Education

A Model Replicating Sound-identification Of The Human Brain.

https://bit.ly/3L8sv9P

A group of MIT neuroscientists developed a computer model that can recognize where a certain sound is coming from as well as the human brain. The capacity to locate and identify a sound and the source that emitted it in the first place is a complex ability performed by the human brain which has been a subject of persistent focus and research.

Akin to the human brain that takes into account the varied sound waves and measures the amplitude and frequency in question to assess sounds and differentiate them from each other, the model that aims to replicate the sound-identification ability of the human brain, also does so through a cumulative neural network in order to produce similar results, adapting and accommodating itself with the variations in the external environment.

The human brain is finely tuned not only to recognize particular sounds, but also to determine which direction they came from. By comparing differences in sounds that reach the right and left ear, the brain can estimate the location of a barking dog, wailing fire engine, or approaching car.

MIT neuroscientists have now developed a computer model that can also perform that complex task. The model, which consists of several convolutional neural networks, not only performs the task as well as humans do, it also struggles in the same ways that humans do.

“We now have a model that can actually localize sounds in the real world,” says Josh McDermott, an associate professor of brain and cognitive sciences and a member of MIT’s McGovern Institute for Brain Research. “And when we treated the model like a human experimental participant and simulated this large set of experiments that people had tested humans on in the past, what we found over and over again is it the model recapitulates the results that you see in humans.”

Findings from the new study also suggest that humans’ ability to perceive location is adapted to the specific challenges of our environment, says McDermott, who is also a member of MIT’s Center for Brains, Minds, and Machines.

McDermott is the senior author of the paper, which appears today in Nature Human Behavior. The paper’s lead author is MIT graduate student Andrew Francl.
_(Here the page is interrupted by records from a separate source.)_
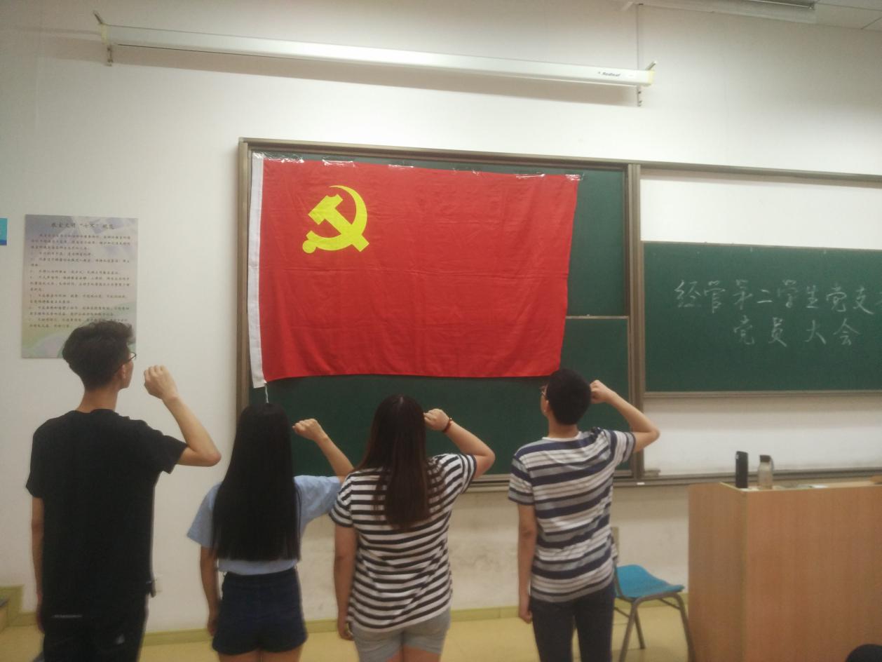 第二学生党支部党员发展大会系列会议第一次会议分别讨论了李凯铭、徐卓然、蒋露、王红4位同学成为预备党员的问题。发展对象分别上台宣读入党志愿书,汇报了对党的认识、入党动机、个人履历以及家庭和主要社会关系情况。随后,入党介绍人详细介绍发展对象的有关情况,并对其能否入党表明意见;最后与会党员对发展对象能否入党进行讨论并开展无记名投票。经票决,第一次会议决定吸纳上述4位同志为中共预备党员。支部书记邓华民同志带领新党员在党旗下进行了庄严的宣誓。第一次会议在雄壮的国际歌中休会。
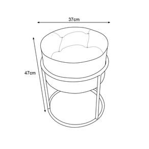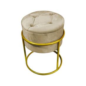 AS IMAGENS SÃO MERAMENTE ILUSTRATIVAS E PODEM SOFRER VARIAÇÕES DE COR E PEQUENOS DETALHES DE ACORDO COM O SEU MONITOR, ILUMINAÇÃO DO AMBIENTE E ATÉ MESMO A SUA PERCEPÇÃO VISUAL.Puff Decorativo Redondo Com Capitonà Base De Ferro Dourada Tecido Veludo Bege
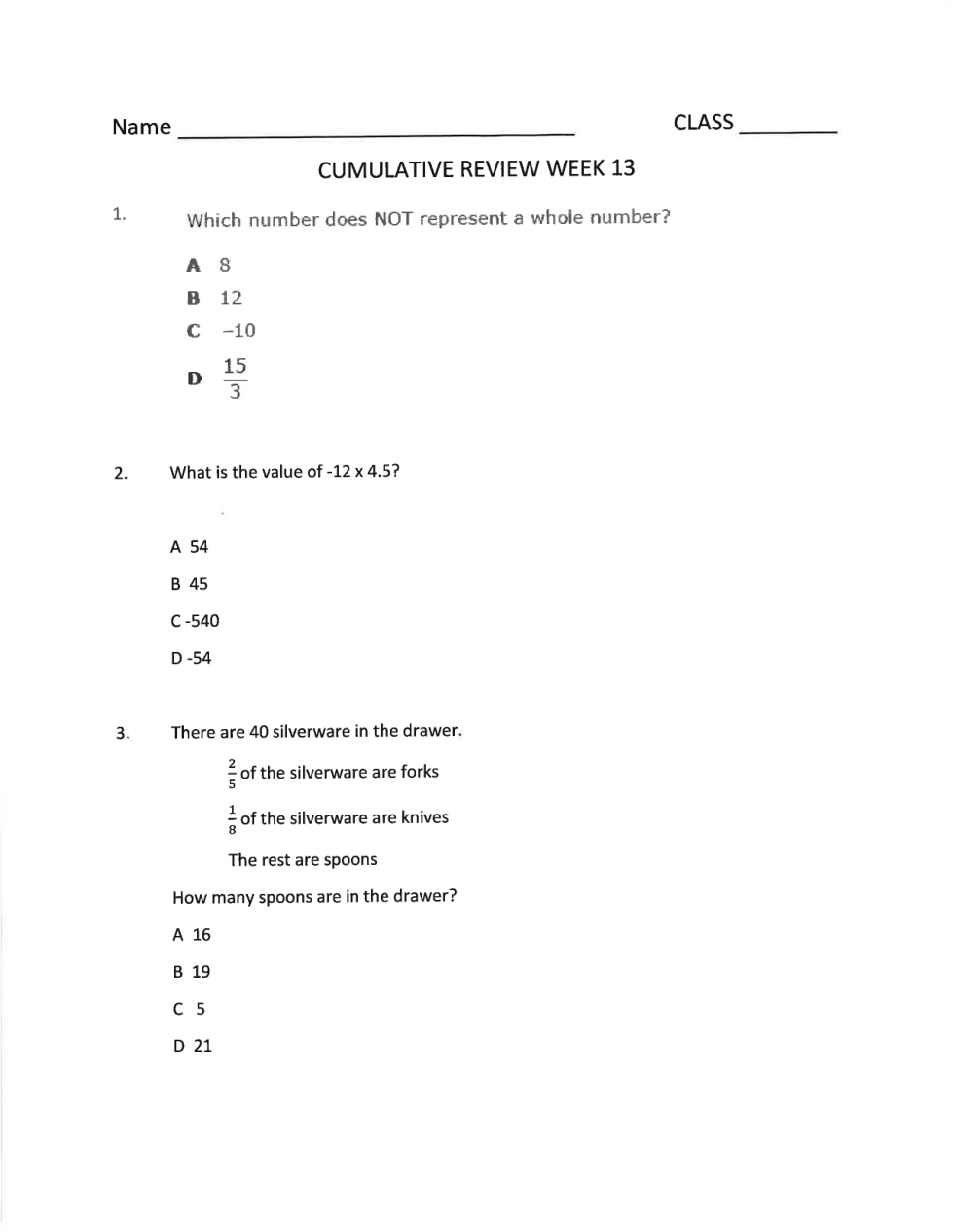 Cumulative Review Week 13
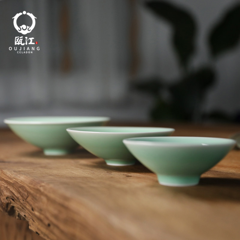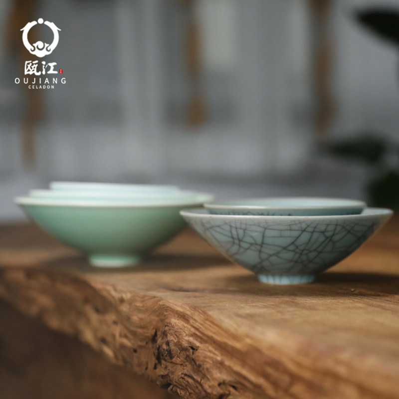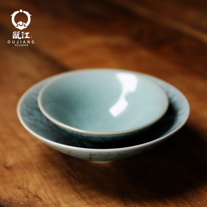 📚 瓯江龙泉青瓷酒碗创意复古餐具4.5英寸哥窑斗笠碗瓜果碗盏中式碗
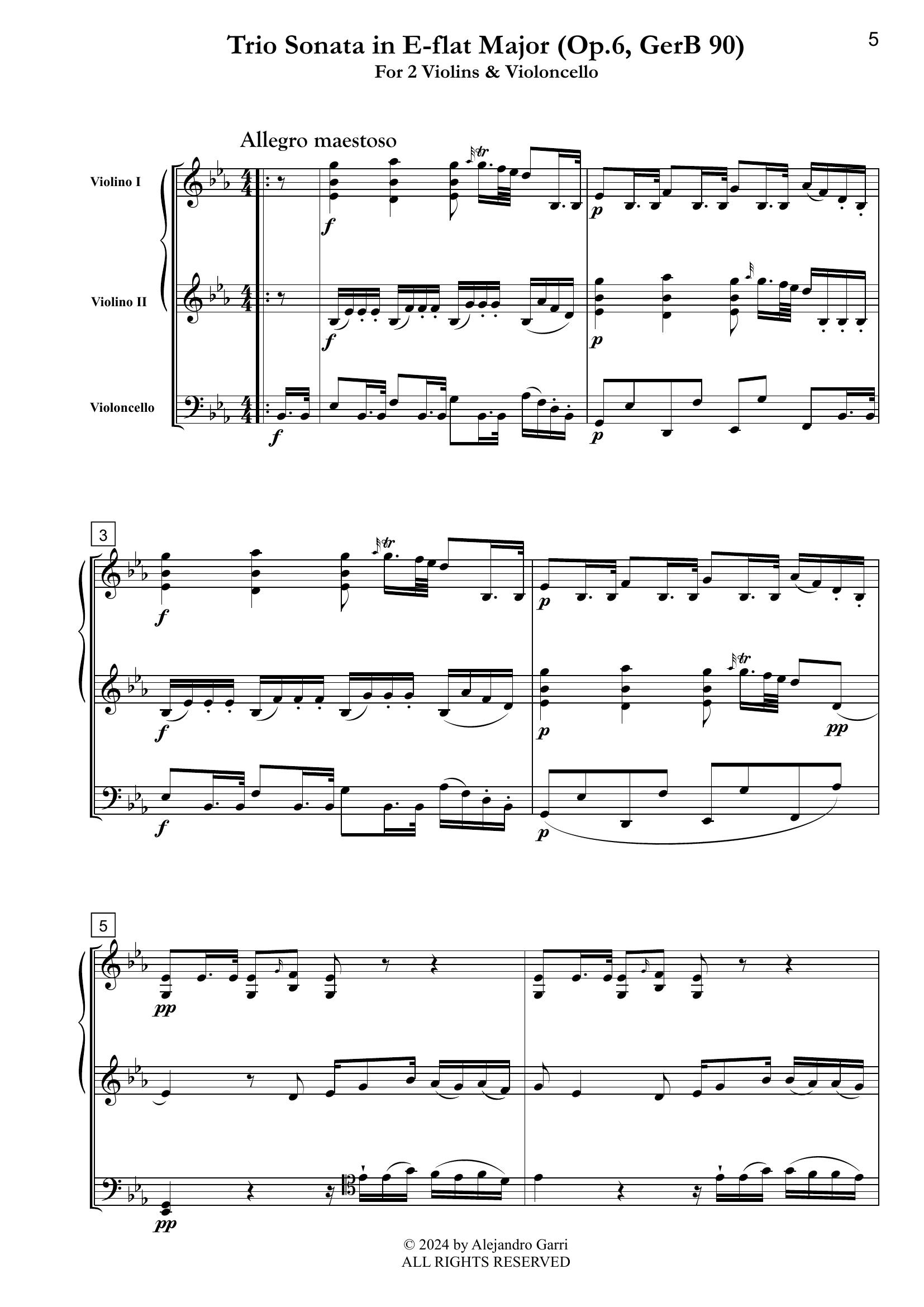Boccherini, Luigi (1743 – 1805) Trio Sonata in E-flat Major (Op.6, GerB 90), for 2 Violins & Violoncello (full score & 3 parts)
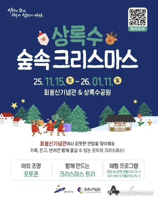 어웨이크뉴스 오경하 기자 | 안산시 최용신기념관은 오는 15일부터 내년 1월 11일까지 최용신기념관 및 상록수공원 일원에서 시민과 함께하는 체험행사 ‘상록수 숲속 크리스마스’ 행사를 운영한다고 12일 밝혔다.

When we hear a sound such as a train whistle, the sound waves reach our right and left ears at slightly different times and intensities, depending on what direction the sound is coming from. Parts of the midbrain are specialized to compare these slight differences to help estimate what direction the sound came from, a task also known as localization.

This task becomes markedly more difficult under real-world conditions — where the environment produces echoes and many sounds are heard at once.

Scientists have long sought to build computer models that can perform the same kind of calculations that the brain uses to localize sounds. These models sometimes work well in idealized settings with no background noise, but never in real-world environments, with their noises and echoes.

To develop a more sophisticated model of localization, the MIT team turned to convolutional neural networks. This kind of computer modeling has been used extensively to model the human visual system, and more recently, McDermott and other scientists have begun applying it to audition as well.

Convolutional neural networks can be designed with many different architectures, so to help them find the ones that would work best for localization, the MIT team used a supercomputer that allowed them to train and test about 1,500 different models. That search identified 10 that seemed the best-suited for localization, which the researchers further trained and used for all of their subsequent studies.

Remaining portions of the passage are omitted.